**Your assignment**
Copy the lines of the data below exactly, starting at the first and stopping after the line that contains "Турнир Пермского района"; include no pictures.
====
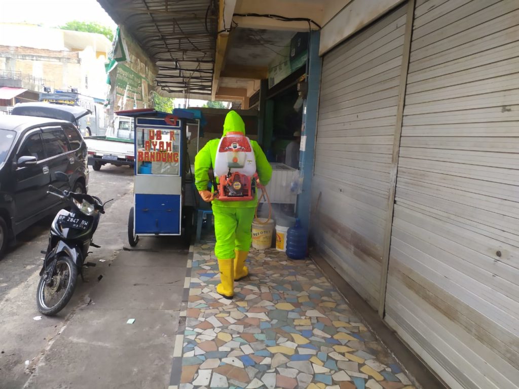 Personil Polresta Barelang melakukan penyemprotan pasar Cahaya Garden dan Pasar Cik Puan, Bengkong, Batam, Rabu (8/4/2020). (Photo:probatam/iin)
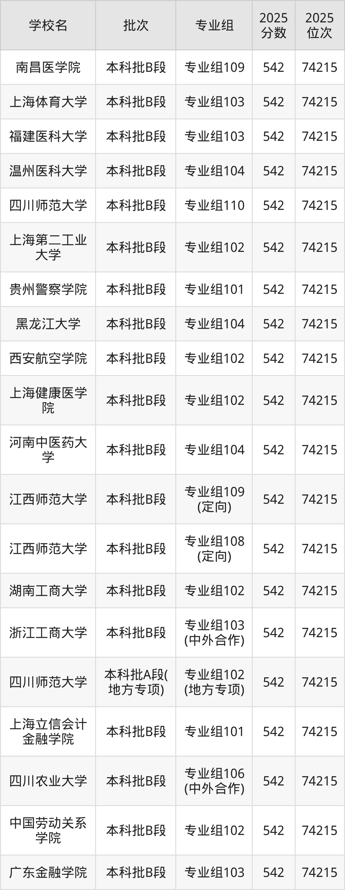 另外录取位次低于该区间(较稳妥)的有上海体育大学专业组101(76490名)、浙江中医药大学专业组103(76490名)等;录取位次高于该区间(可冲)的有四川师范大学专业组110(74215名)、上海第二工业大学专业组102(74215名)等。
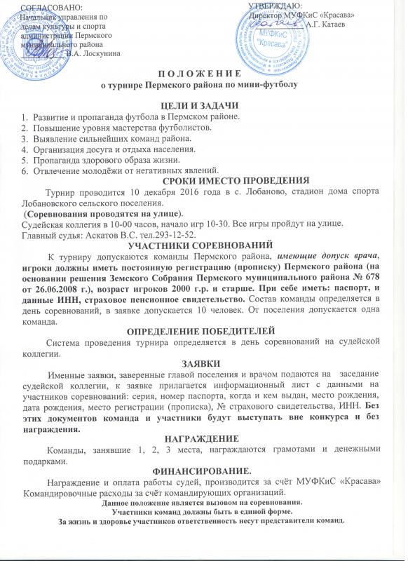 Турнир Пермского района по мини-футболу пройдет 10 декабря 2016 г. на базе дома спорта с. Лобаново
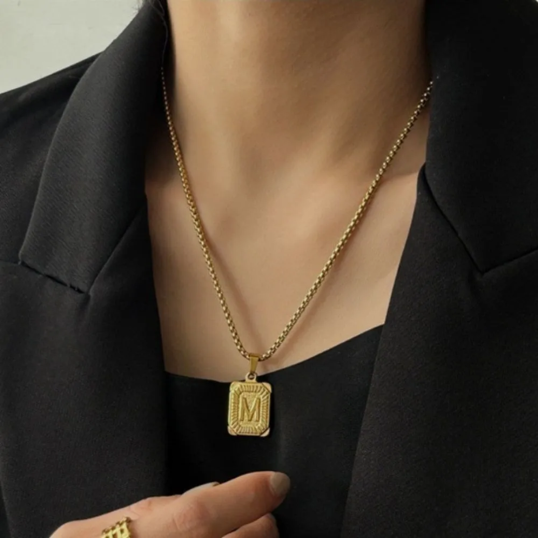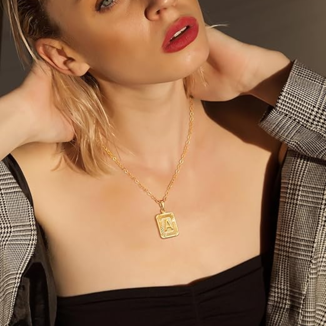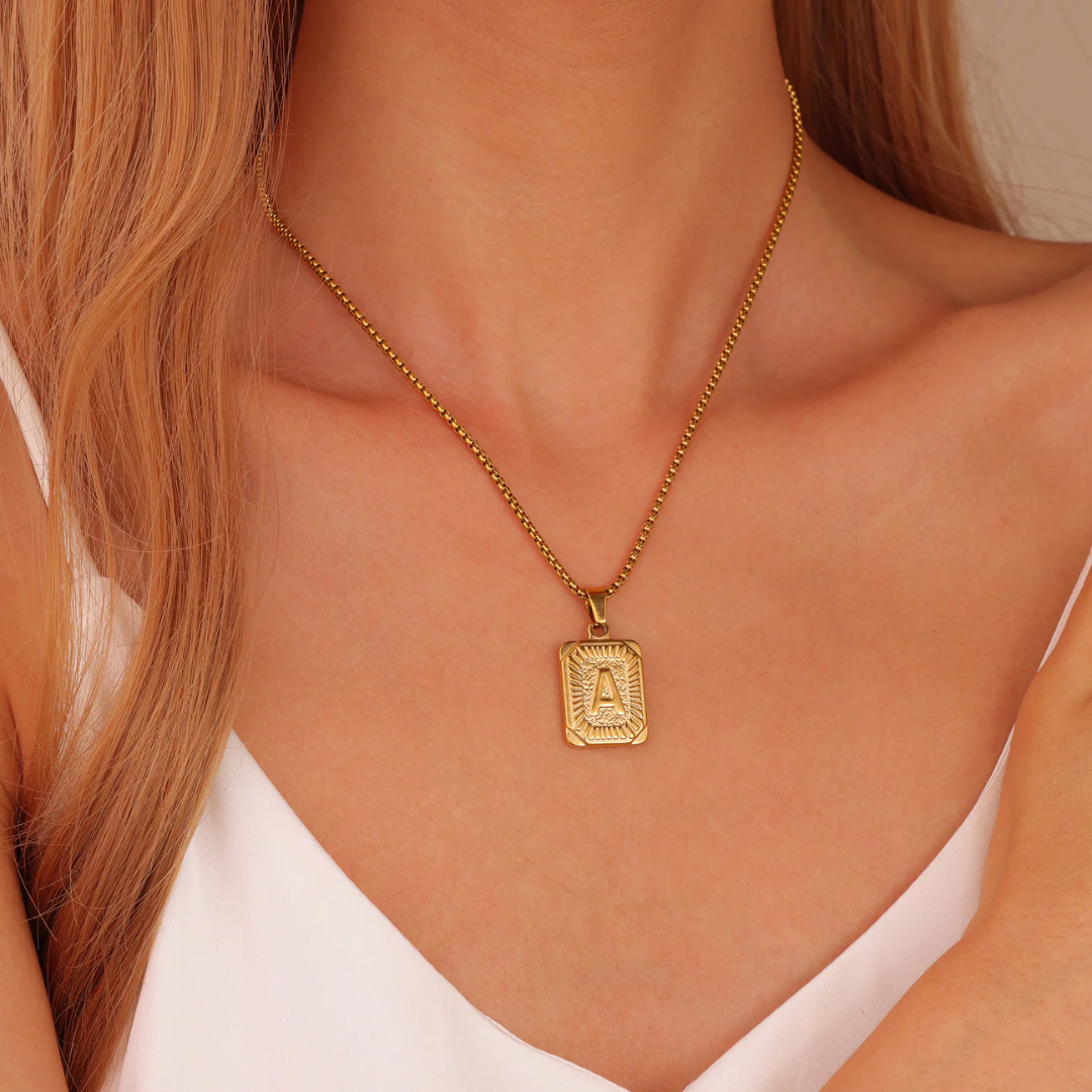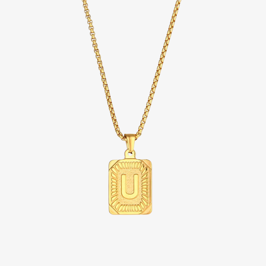 Elevate your attire with the distinguished Azura Square Initial Letter Pendant Monogram Necklace. This elegant personalized piece showcases your chosen letter, adding a touch of individuality to your look. Exquisitely crafted, this sophisticated accessory transitions seamlessly from everyday wear to special occasions, embodying timeless style and refined taste.
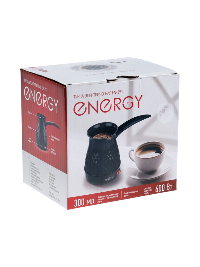 Турка электрическая Energy EN-293, 600 Вт, 300 мл, 60 см, термостойкий пластик, чёрная
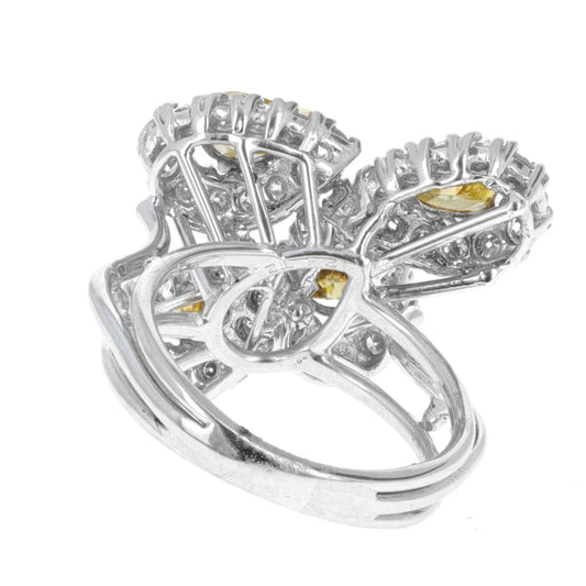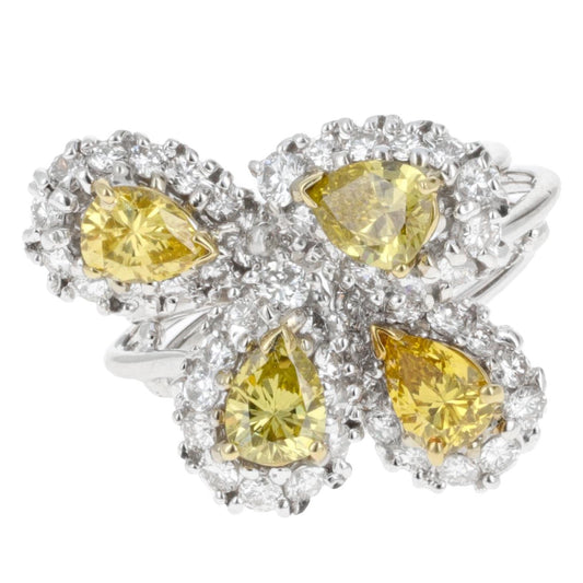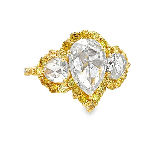 18K Yellow Gold Rose Cut Pear Shape Three-Stone White and Yellow Diamond Ring
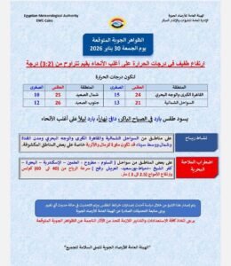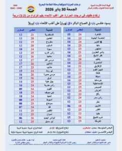 أكدت هيئة الأرصاد أن البلاد تشهد اليوم ارتفاعًا طفيفًا في درجات الحرارة على أغلب الأنحاء بقيم تتراوح من (3:2) درجة، بينما يسود طقس بارد في الصباح الباكر، دافئ نهاراً، بارد ليلاً على أغلب الأنحاء
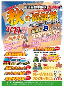 前沢自動車学校1日開放秋の感謝祭 イベント詳細 日付: 2025年9月27日 カテゴリ: 02イベント 【日時】2025(R7)年9月27日(土) 【場所】前沢自動車学校 YOSAKOIは紅翔連、遊夢舞、剛雅燕、飛勇凛、江刺華舞斗、水沢絆舞連、繋縁、げいび藤美連の出演 2025年8月20日Posted by hiyu-rin
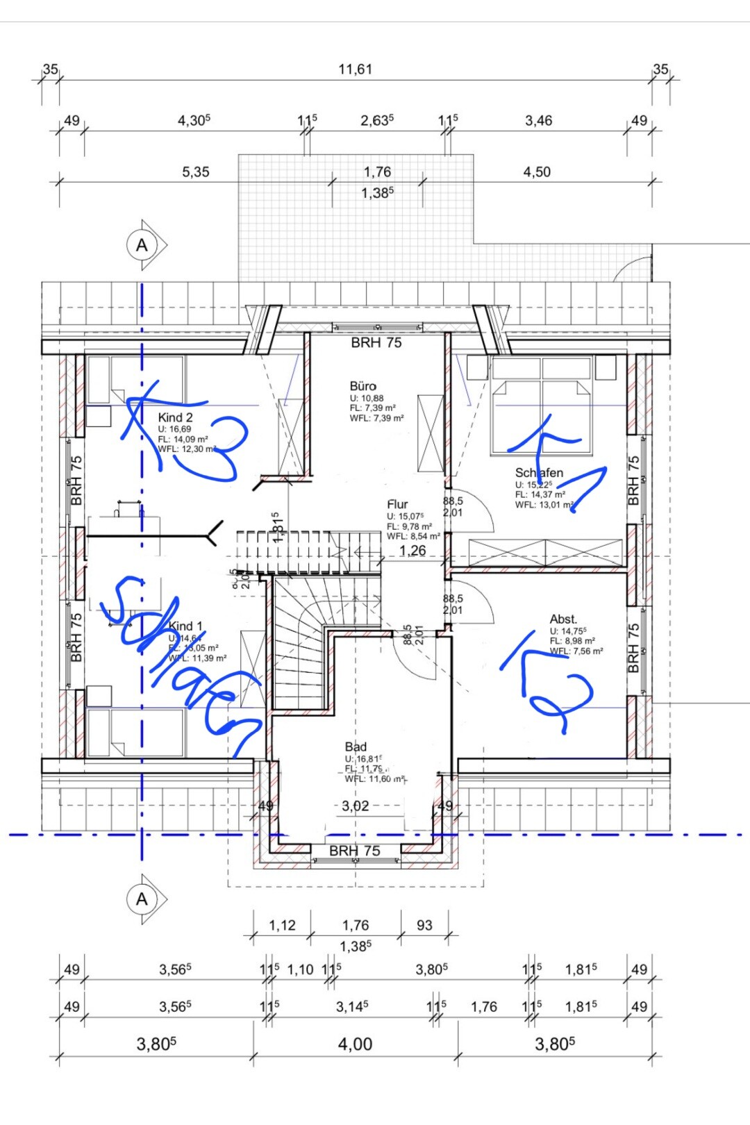 Auch deinen Vorschlag im OG finden wir gut. Mein Mann hat noch ein paar Kleinigkeiten mehr verändert und wir finden, so sieht der Grundriss im OG schon ganz gut aus.
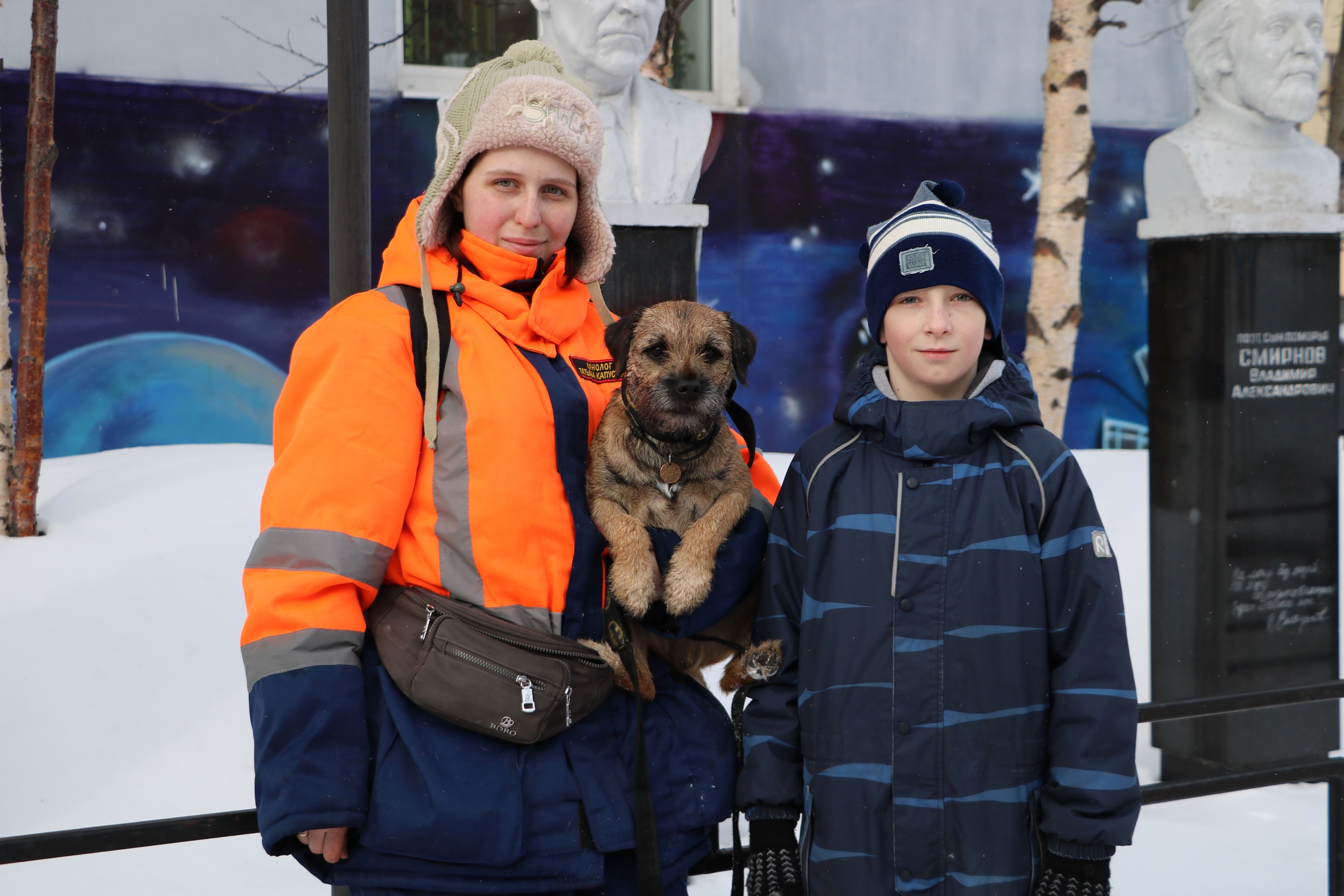 Спасатели и служебные собаки продемонстрировали свои умения. Отважный бордер-терьер Дэйви Джонс отыскал пострадавшего, пропавшего в лесу, а затем участники студенческого добровольного спасательного отряда показали, как извлечь человека из-под снега и подготовить его к приезду бригады скорой помощи.
====
**Answer to this problem**
 Personil Polresta Barelang melakukan penyemprotan pasar Cahaya Garden dan Pasar Cik Puan, Bengkong, Batam, Rabu (8/4/2020). (Photo:probatam/iin)
 另外录取位次低于该区间(较稳妥)的有上海体育大学专业组101(76490名)、浙江中医药大学专业组103(76490名)等;录取位次高于该区间(可冲)的有四川师范大学专业组110(74215名)、上海第二工业大学专业组102(74215名)等。
 Турнир Пермского района по мини-футболу пройдет 10 декабря 2016 г. на базе дома спорта с. Лобаново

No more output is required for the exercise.